Bize Abdullah b. Yusuf, ona Malik b. Enes, ona Zeyd b. Eslem, ona Ebu Salih (Zekvân) es-Semmân, ona da Ebu Hureyre (ed-Devsî) Hz. Peygamber'in (sav) şöyle buyurduğunu rivayet etmiştir: "At bazısı için sevap kapısıdır. Bazısı için bir örtüdür. Bazısı için de günahtır. At, kendisi için sevap olan kimseye gelince, o kimse atını Allah yolunda kullanır. O kimse atın yularını da uzun tutup çayıra veya bahçeye salmıştır. At uzun yularıyla bu çayırda veya bahçede otlarken onun yediği her ot sahibi için bir sevap olarak yazılır. Şayet at yularını koparsa şahlanarak bir veya iki yüksek tepede koşsa, (bu dolaşmasındaki) ayak izleri hatta onun tezeği bile sahibine sevap kazandırır. Şayet o at, bir nehre gelse ve oradan su içse, sahibi onu sulamak istememiş olsa bile, içtiği su sahibi için sevap olur. İşte bu at sahibi için sevap vesilesidir.

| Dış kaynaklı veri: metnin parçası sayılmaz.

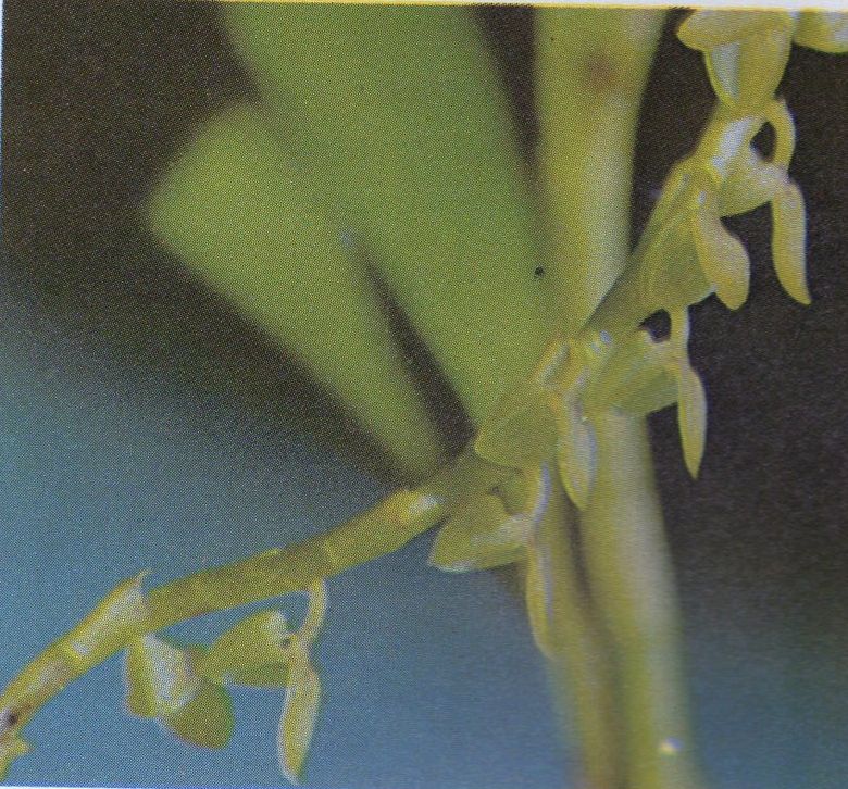 Found in Guatemala, El Salvador, Honduras, Nicaragua, Costa Rica and Panama at elevations around 1400 to 1500 meters as a mini-miniature to miniature sized, a cool growing epiphyte with erect, slender ramicauls enveloped by 2 tubular sheaths and carrying a single, apical, erect, coriaceous, narrowly oblong-ligulate, shortly apiculate, cuneate below into the petiolate base leaf that blooms on an erect, laxly many flowered inflorescence with ovate-cucullate, acuminate floral bracts.

Atını insanlardan bir şey istememek ve iffetini korumak için besleyen, ancak Allah'ın hayvanı üzerindeki hakkını ve hayvanına eziyet etmemesi gerektiğini unutmayan kimse için de at bir örtüdür. Atını övünmek, gösteriş yapmak, Müslümanları ezmek için bağlayan kimse için ise bu at günah sebebi olur." Rasulullah'a (sav) eşekler hakkında soruldu. O (sav) da: "Bana, her hükmü bir araya getiren şu özet olan ayetten başka bir şey indirilmedi: 'Artık kim zerre ağırlığınca bir hayır işlerse, onun mükafatını görecektir. Kim de zerre ağırlığınca bir kötülük işlerse, onun cezasını görecektir' [Zilzal, 7-8] ayetini okudu."
Bize Abdullah b. Muhammed, ona Abdürrezzak, ona Ma'mer, ona Eyyub ve Kesir b. Kesir, (bu arada bir diğerinin rivayetine ilavede bulunmaktadır) onlara Said b. Cübeyr, ona da İbn Abbas'ın söylediğine Hz. Peygamber (sav) şöyle buyurmuştur: "Allah, İsmail'in annesine rahmet etsin. Zemzemi kendi haline bıraksaydı -Suyu avuçlamasaydı da demiş olabilir- zemzem yeryüzünde akan bir pınar olurdu. Bilahare Cürhüm Kabilesi geldi ve 'Senin yanında konaklayıp yerleşmemize izin verir misin?' diye sordular. İsmail'in annesi 'Suda bir hakkınız olmamak şartıyla evet.' dedi. Onlar da 'Evet' diyerek bunu kabul ettiler."